For $t\in[-1,1]$ the singularities of the left-hand side of (1) both lie on the circle $|u|=1$, hence in this case the radius of convergence of the series on the right-hand side is unity.
Best Answer
Note that this is a solution as an integral, not a closed form solution
Let's start with the generating function
$$ \frac{1}{\sqrt{1-2xt+t^2}}=\sum_{n=0}^\infty P_n(x)t^n $$
Multiply by $t^{k-1}$ and get
$$ \frac{t^{k-1}}{\sqrt{1-2xt+t^2}}=\sum_{n=0}^\infty P_n(x)t^{n+k-1} $$
We replace $t\mapsto u$ and integrate $u$ from $0$ to $t$ and get
$$ \int_0^t\frac{u^{k-1}}{\sqrt{1-2xu+u^2}}\,du=\sum_{n=0}^\infty\frac{P_n(x)t^{n+k}}{n+k} $$
Now divide by $t$, do another substitution $t\mapsto v$ and integrate this from $0$ to $t$ to get
$$ \int_0^t\frac{1}{v}\int_0^v\frac{u^{k-1}}{\sqrt{1-2xt+t^2}}\,dudv=\sum_{n=0}^\infty\frac{P_n(x)t^{n+k}}{(n+k)^2} $$
This double integral is performed over a triangular region in $uv$ space.
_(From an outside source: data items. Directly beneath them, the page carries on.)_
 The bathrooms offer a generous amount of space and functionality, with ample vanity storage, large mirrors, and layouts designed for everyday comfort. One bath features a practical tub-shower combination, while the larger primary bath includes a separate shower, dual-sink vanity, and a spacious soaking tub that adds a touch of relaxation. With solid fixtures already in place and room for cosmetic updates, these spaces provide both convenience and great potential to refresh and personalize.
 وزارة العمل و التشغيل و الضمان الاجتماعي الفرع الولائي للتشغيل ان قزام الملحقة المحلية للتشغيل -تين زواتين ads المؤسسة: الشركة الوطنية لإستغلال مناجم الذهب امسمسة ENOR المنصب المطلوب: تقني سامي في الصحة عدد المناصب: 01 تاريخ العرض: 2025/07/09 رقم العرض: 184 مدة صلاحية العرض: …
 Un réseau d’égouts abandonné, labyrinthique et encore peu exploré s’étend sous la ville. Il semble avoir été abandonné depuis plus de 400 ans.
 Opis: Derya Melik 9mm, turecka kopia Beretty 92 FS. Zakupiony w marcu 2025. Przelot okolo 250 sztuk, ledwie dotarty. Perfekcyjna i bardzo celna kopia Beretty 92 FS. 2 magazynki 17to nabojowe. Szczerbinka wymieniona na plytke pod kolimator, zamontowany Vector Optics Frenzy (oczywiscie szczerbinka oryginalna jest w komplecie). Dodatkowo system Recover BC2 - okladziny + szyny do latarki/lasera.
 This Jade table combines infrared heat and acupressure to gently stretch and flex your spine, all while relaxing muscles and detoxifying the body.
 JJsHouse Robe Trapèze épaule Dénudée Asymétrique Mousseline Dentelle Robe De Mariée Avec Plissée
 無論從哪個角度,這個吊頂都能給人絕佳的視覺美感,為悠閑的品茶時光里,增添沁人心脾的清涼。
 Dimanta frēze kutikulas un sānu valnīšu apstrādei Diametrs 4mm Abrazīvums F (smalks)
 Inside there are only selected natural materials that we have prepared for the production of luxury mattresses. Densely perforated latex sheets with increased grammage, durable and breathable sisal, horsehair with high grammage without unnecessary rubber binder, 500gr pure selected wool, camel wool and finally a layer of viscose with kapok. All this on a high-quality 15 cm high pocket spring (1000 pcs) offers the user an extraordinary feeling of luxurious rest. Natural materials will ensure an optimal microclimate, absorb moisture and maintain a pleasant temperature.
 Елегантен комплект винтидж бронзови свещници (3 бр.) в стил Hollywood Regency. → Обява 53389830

Switching the order of integration yields
$$ \int_0^t\int_u^t\frac{1}{v}\frac{u^{k-1}}{\sqrt{1-2xt+t^2}}\,dvdu=\sum_{n=0}^\infty\frac{P_n(x)t^{n+k}}{(n+k)^2} $$
We can evaluate the integral in $v$ to get
$$ \int_0^t\frac{u^{k-1}\ln(t/u)}{\sqrt{1-2xt+t^2}}\,du=\sum_{n=0}^\infty\frac{P_n(x)t^{n+k}}{(n+k)^2} $$
We continue this process, but the result is weird. We again divide by $t$, replace $t\mapsto v$, and integrate from $0$ to $t$ to get
$$ \int_0^t\frac{1}{v}\int_0^v\frac{u^{k-1}\ln(v/u)}{\sqrt{1-2xu+u^2}}\,dudv=\sum_{n=0}^\infty\frac{P_n(x)t^{n+k}}{(n+k)^3} $$
We swap the order and factor some terms to make the equation a bit simpler to get
$$\int_0^t\left(\int_u^t\frac{\ln(v/u)}{v}\,dv\right)\frac{u^{k-1}}{\sqrt{1-2xu+u^2}}\,du=\sum_{n=0}^\infty\frac{P_n(x)t^{n+k}}{(n+k)^3} $$
We do a change of variable; let $w=v/u$ and $dw=(1/u)dv$ to get
$$\int_0^t\left(\int_1^{t/u}\frac{\ln(w)}{w}\,dw\right)\frac{u^{k-1}}{\sqrt{1-2xu+u^2}}\,du=\sum_{n=0}^\infty\frac{P_n(x)t^{n+k}}{(n+k)^3} $$
Integrating with respect to $w$ gives
$$\frac{1}{2}\int_0^t\frac{u^{k-1}\ln^2(t/u)}{\sqrt{1-2xu+u^2}}\,du=\sum_{n=0}^\infty\frac{P_n(x)t^{n+k}}{(n+k)^3} $$
This process can be repeated indefinitely (I'll skip the rigorous details, since they are long and tedious) and we are left with the generalized equation of
$$ \frac{1}{(\alpha-1)!}\int_0^t\frac{u^{k-1}\ln^{\alpha-1}(t/u)}{\sqrt{1-2xu+u^2}}=\sum_{n=0}^\infty\frac{P_n(x)t^{n+k}}{(n+k)^\alpha},\;\;\;\;\alpha=1,2,3,... $$
Let $t=1$ and we have
$$\boxed{ \frac{(-1)^{\alpha-1}}{(\alpha-1)!}\int_0^1\frac{u^{k-1}\ln^{\alpha-1}(u)}{\sqrt{1-2xu+u^2}}=\sum_{n=0}^\infty\frac{P_n(x)}{(n+k)^\alpha},\;\;\;\;\alpha=1,2,3,... }$$
We can see how a solution for $\alpha=1$ could be obtained, since the log term disappears in this form. A more straightforward approach to this answer comes from a well known result of
$$\int_0^1 t^\mu\ln^k(t)\,dt=(-1)^k\frac{k!}{(\mu+1)^{k+1}}$$
Thus, we could have simply multiplied the generating function by $t^{k-1}\ln^{\alpha-1}(t)$, integrated from $0$ to $1$, then rearranged a bit.